**Activity:**
A verbatim copy of all the data is required; the pictures should not appear in it.

**Recorded data:**
_ _ _ _ _ _ _
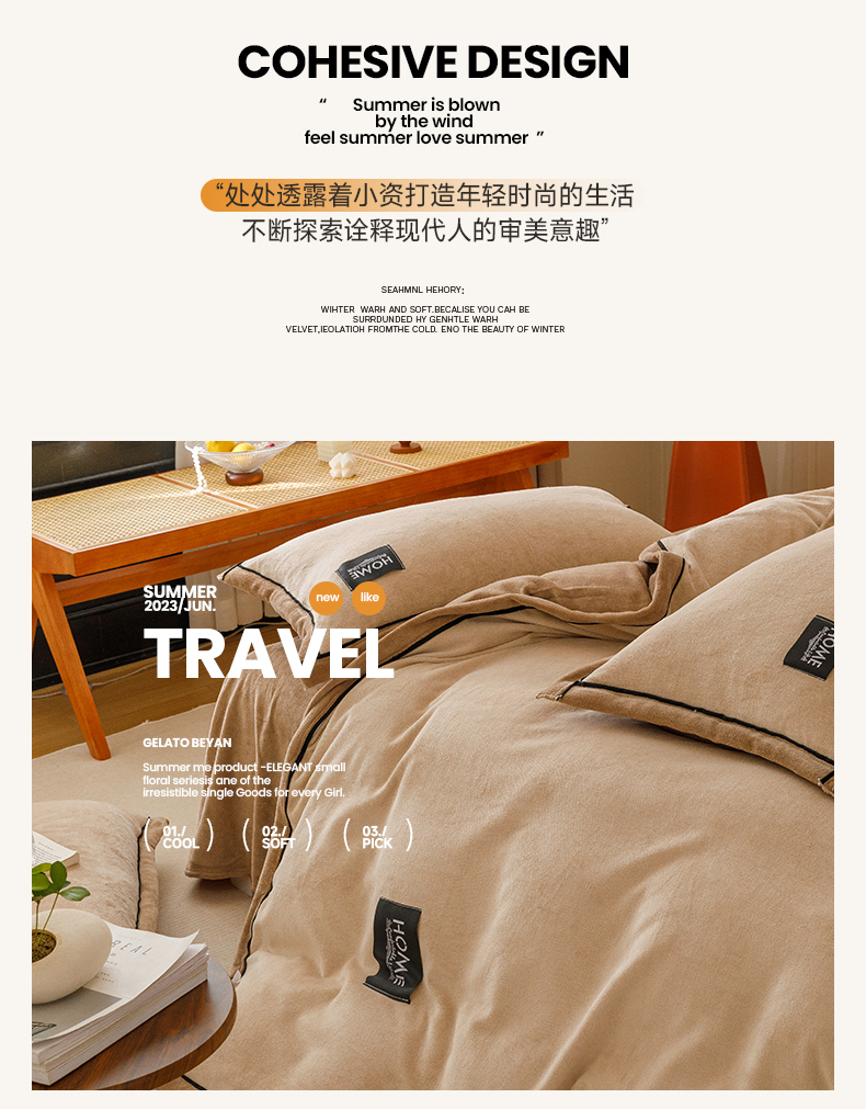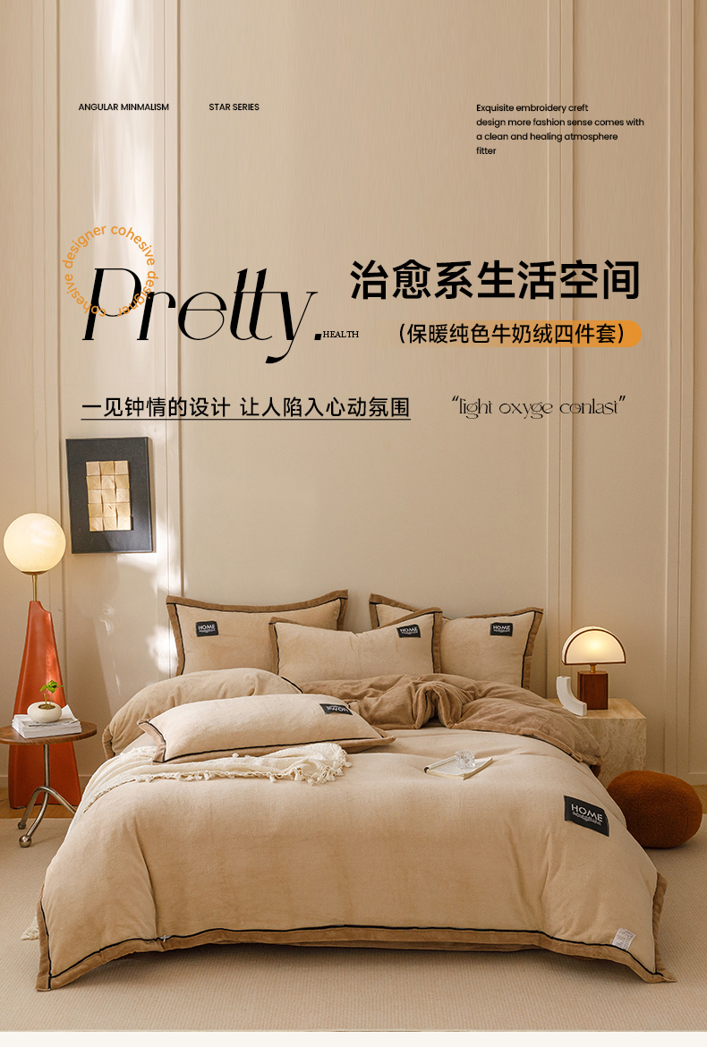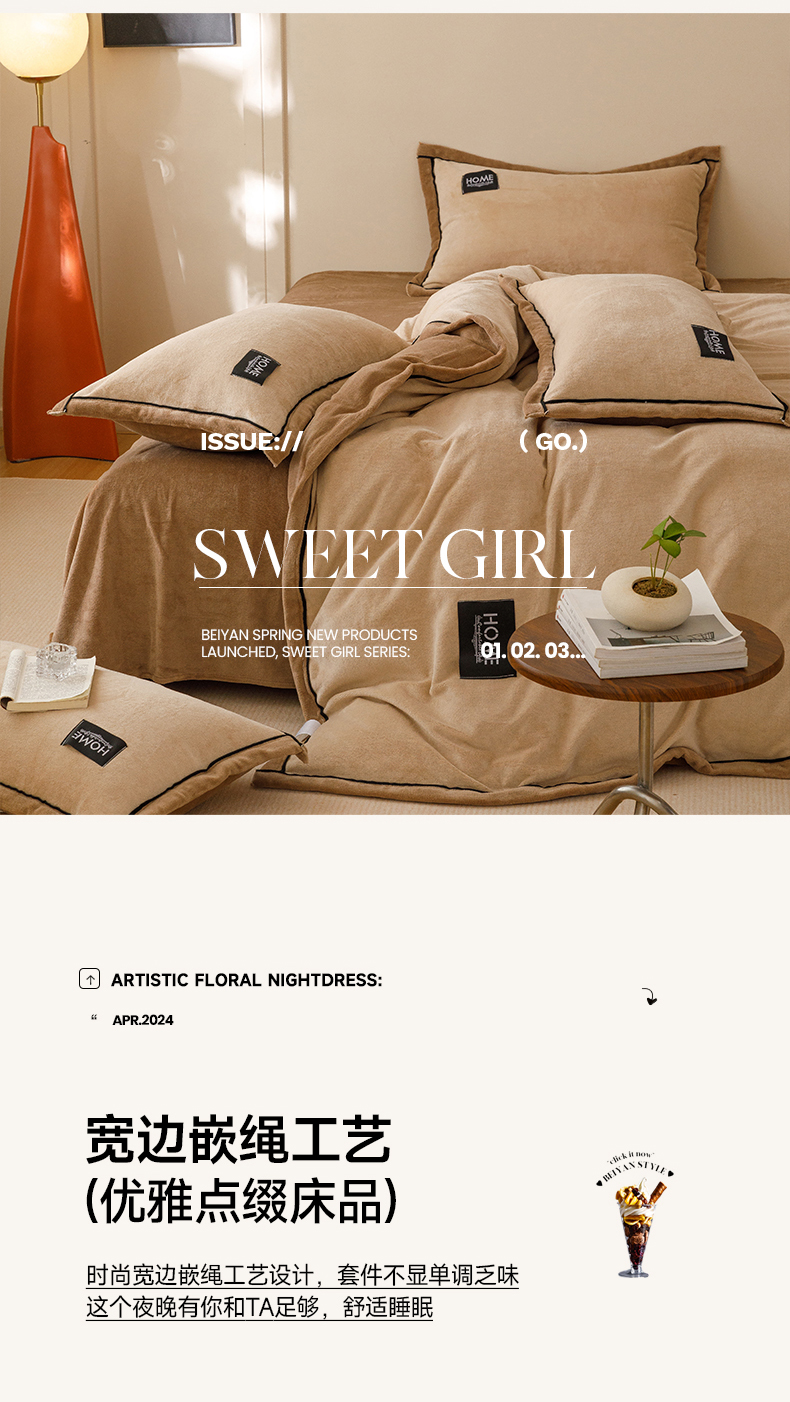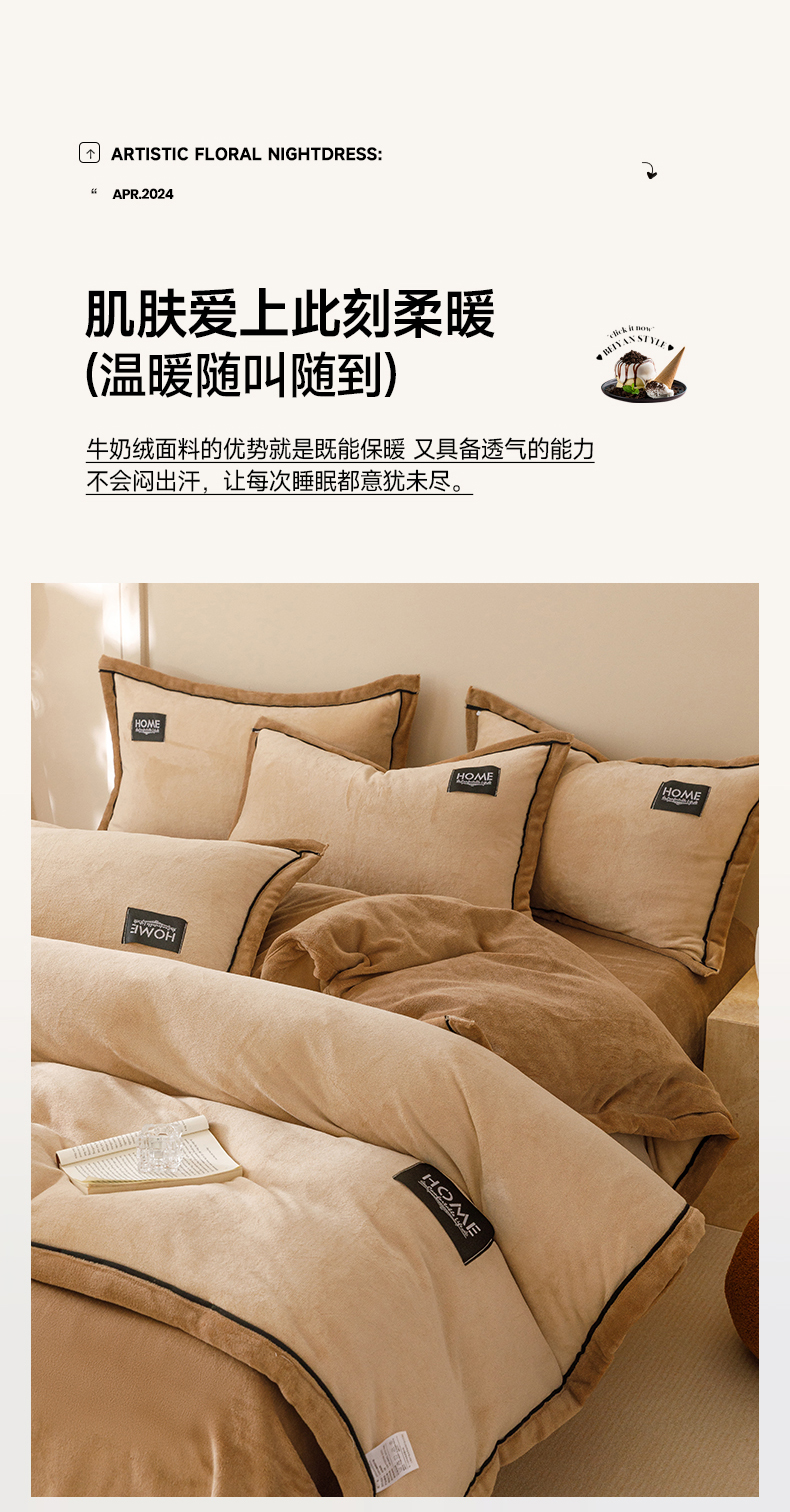 当前位置: 91家纺网 > 商品网购 > 床品套件 > 四件套 > 牛奶绒四件套 > 蜜柚 2024新款纯色简约双拼高克重牛奶绒包边四件套 奶茶+可可咖
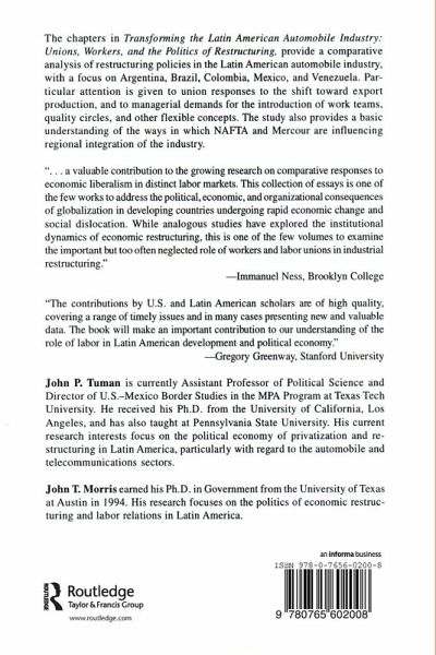 This study looks at union responses to the changes in the Latin American car industry in the last 15 years. It considers the impact of the shift towards export production and regional integration, and the effect of political changes on union reponses.
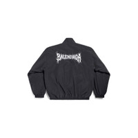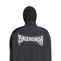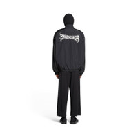 DIY Metal Tracksuit Jacket in black techno poplin PRODUCT DETAILS • Techno poplin • This item is unisex • Large fit • High neck • Dropped shoulders • Zipped front • 2 zipped slash pockets at front • Elasticated cuffs and waistline • DIY metal artwork embroidered at back • Made in Italy • Dry cleaning • Model is 190 cm / 6'3" and is wearing a size S Material: 52% cotton, 48% polyamide
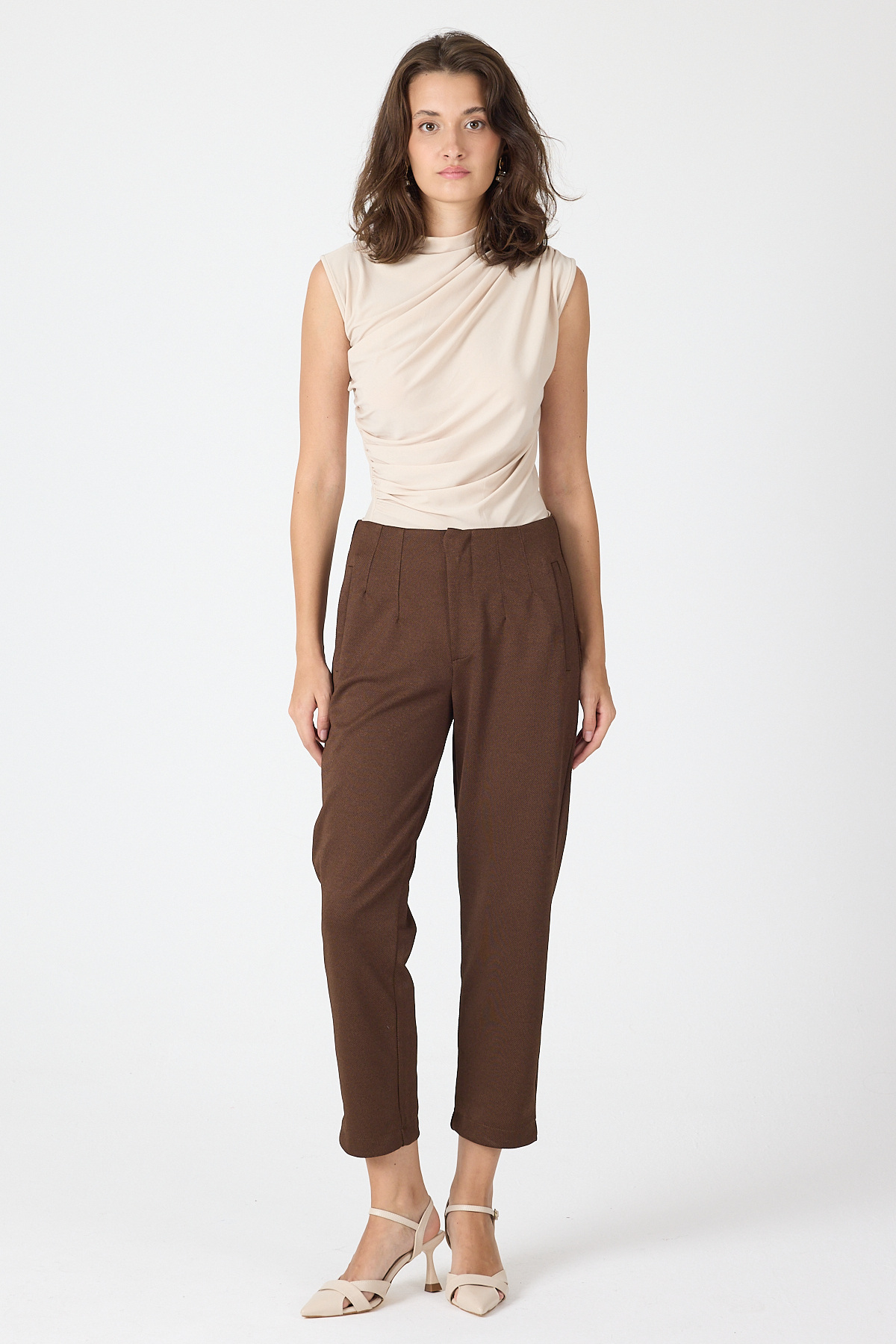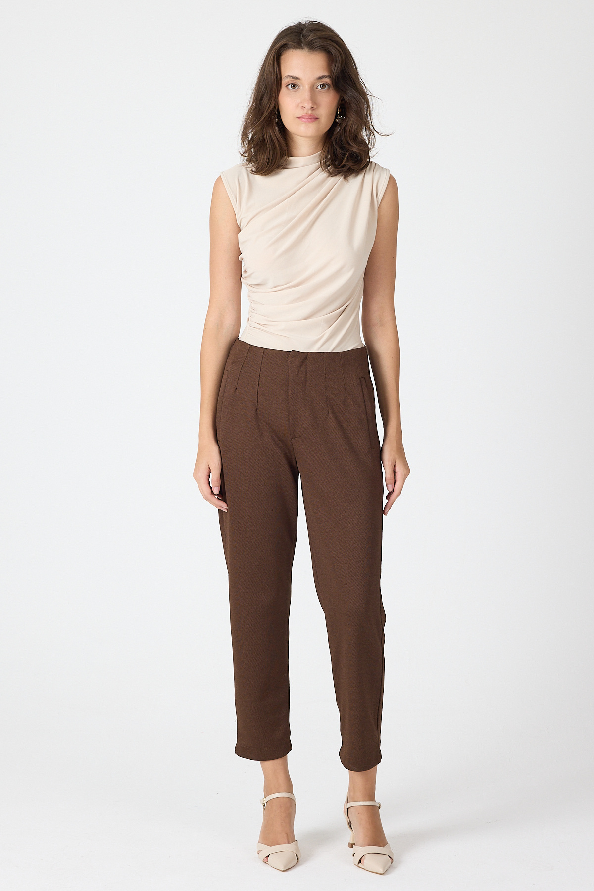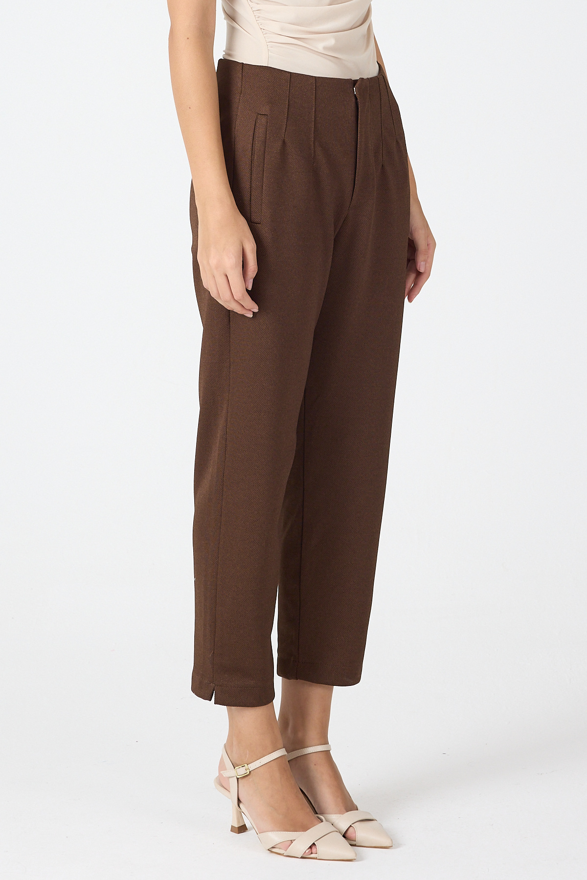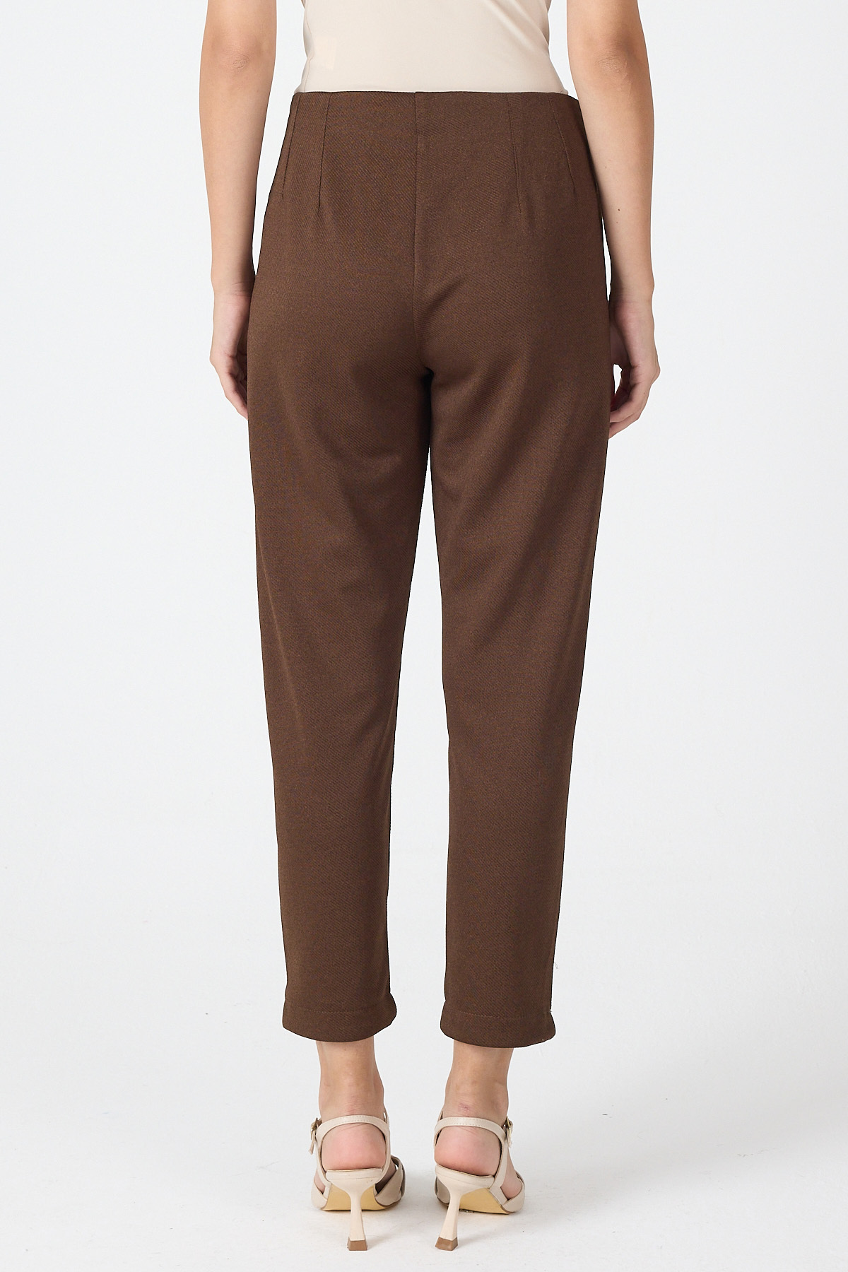 Kahve Yüksek Bel Pens Detaylı Kadın Pantolon 8122A
_ _ _ _ _ _ _
**Output for this exercise:**
 当前位置: 91家纺网 > 商品网购 > 床品套件 > 四件套 > 牛奶绒四件套 > 蜜柚 2024新款纯色简约双拼高克重牛奶绒包边四件套 奶茶+可可咖
 This study looks at union responses to the changes in the Latin American car industry in the last 15 years. It considers the impact of the shift towards export production and regional integration, and the effect of political changes on union reponses.
 DIY Metal Tracksuit Jacket in black techno poplin PRODUCT DETAILS • Techno poplin • This item is unisex • Large fit • High neck • Dropped shoulders • Zipped front • 2 zipped slash pockets at front • Elasticated cuffs and waistline • DIY metal artwork embroidered at back • Made in Italy • Dry cleaning • Model is 190 cm / 6'3" and is wearing a size S Material: 52% cotton, 48% polyamide
 Kahve Yüksek Bel Pens Detaylı Kadın Pantolon 8122A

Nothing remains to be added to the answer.